Ericsson engineers claim a staggering new 5G speed record
The Swedish company’s bitrate blitzes past Huawei’s previous record of 2.92Gbps
Researchers with Ericsson have smashed the maximum speed record on 5G connections, achieving download rates of 4.3Gbps on the millimeter wave spectrum.
The Swedish company’s research and development team achieved the landmark during interoperability testing using commercial products, with the feat carrying potential implications for future use cases.
The record-breaking downlink speed was measured on Ericsson’s Radio System Street Macro 6701, in combination with a 5G smartphone form factor test device fitted with a Qualcomm Snapdragon X55 5G Modem-RF System chip.
The breakthrough was made on a technical specification comprising eight component carriers (8CC) aggregating 800MHz of millimeter wave spectrum.
The engineering milestone represents a significant step up on the previous record of 2.92Gbps set by Chinese networking giant Huawei in November last year, in collaboration with Turkish based Türk Telekom.
The previous world record was based on C-band 200MHz IBW and 2CC Carrier Aggregation technologies, and was achieved on the Huawei Mate 20 X 5G smartphone.
“This is a fantastic achievement. To put 4.3Gbps in context, that is the equivalent of downloading one hour of ultra-high-definition, or 4K, content from a streaming service in just 14 seconds,” said Ericsson’s head of product area networks Per Narvinger.
“Ericsson is taking the next steps in ensuring service providers can deliver the best capacity and data rates over millimeter wave 5G.

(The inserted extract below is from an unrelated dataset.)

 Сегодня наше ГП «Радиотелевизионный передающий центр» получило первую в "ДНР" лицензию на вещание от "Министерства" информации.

“The 8CC aggregation solution we have successfully tested will enable not only higher speeds but also large-scale 5G deployments and new business opportunities.”
For added context, the maximum 4G speeds recorded were approximately 300Mbps, according to 4G.co.uk, although these are only possible in controlled laboratory environments. More common 4G speeds have hit around the 60Mbps mark.

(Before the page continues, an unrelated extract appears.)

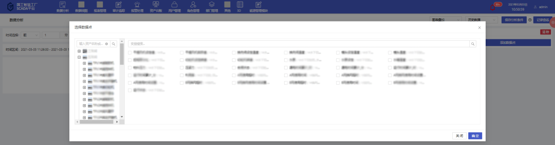 以某一特定設(shè)備為例,使用平臺(tái)數(shù)據(jù)分析功能,將平臺(tái)中的有效數(shù)據(jù)進(jìn)行分析。根據(jù)用戶的需要,對(duì)一段時(shí)間內(nèi)的歷史數(shù)據(jù)或?qū)崟r(shí)數(shù)據(jù)按照一定的統(tǒng)計(jì)頻率進(jìn)行多個(gè)維度的數(shù)據(jù)分析,統(tǒng)計(jì)頻率包含不限、10秒、30秒、5分鐘、10分鐘、30分鐘、1小時(shí),通過(guò)添加變量操作,在彈出的變量選擇彈窗中可多選數(shù)據(jù)點(diǎn)信息,可以通過(guò)資產(chǎn)樹(shù)選中資產(chǎn)來(lái)選擇數(shù)據(jù)信息或者直接通過(guò)模糊搜索查找數(shù)據(jù)點(diǎn)。數(shù)據(jù)分析得到的圖表顯示形式包括折線圖以及表格形式。多個(gè)數(shù)據(jù)點(diǎn)信息圖表的展示形式包括平鋪、疊加、標(biāo)簽顯示以及合并表格顯示,根據(jù)不同的需求選擇對(duì)應(yīng)的展示形式,靈活性高。數(shù)據(jù)分析幫助用戶分析用戶想要分析的內(nèi)容,如數(shù)據(jù)走向、問(wèn)題等,從而幫助用戶解決問(wèn)題。

Similarly, it’s highly unlikely that mainstream 5G speeds would be anywhere close to 4.3Gbps. Vodafone’s 5G network, for example, managed to sustain a maximum speed of 424Mbps when tested last year.
Setting the world-record speed has implications for enhanced mobile broadband, Ericsson claims, as well as certain uses cases such as online multiplayer gaming, augmented reality, as well as rich video streaming.
The opportunities for service providers also stand to benefit, particularly with regards to bringing fixed wireless access to consumers.
Ericsson added that the benefits of the world record will be realised later this year and be available to 5G consumers, including in networking and terminal support.
There’s every chance that Ericsson would have outlined its record-breaking feat in more detail at this year’s Mobile World Congress (MWC), but the global tech event was cancelled this week after a string of companies pulled out over Coronavirus fears.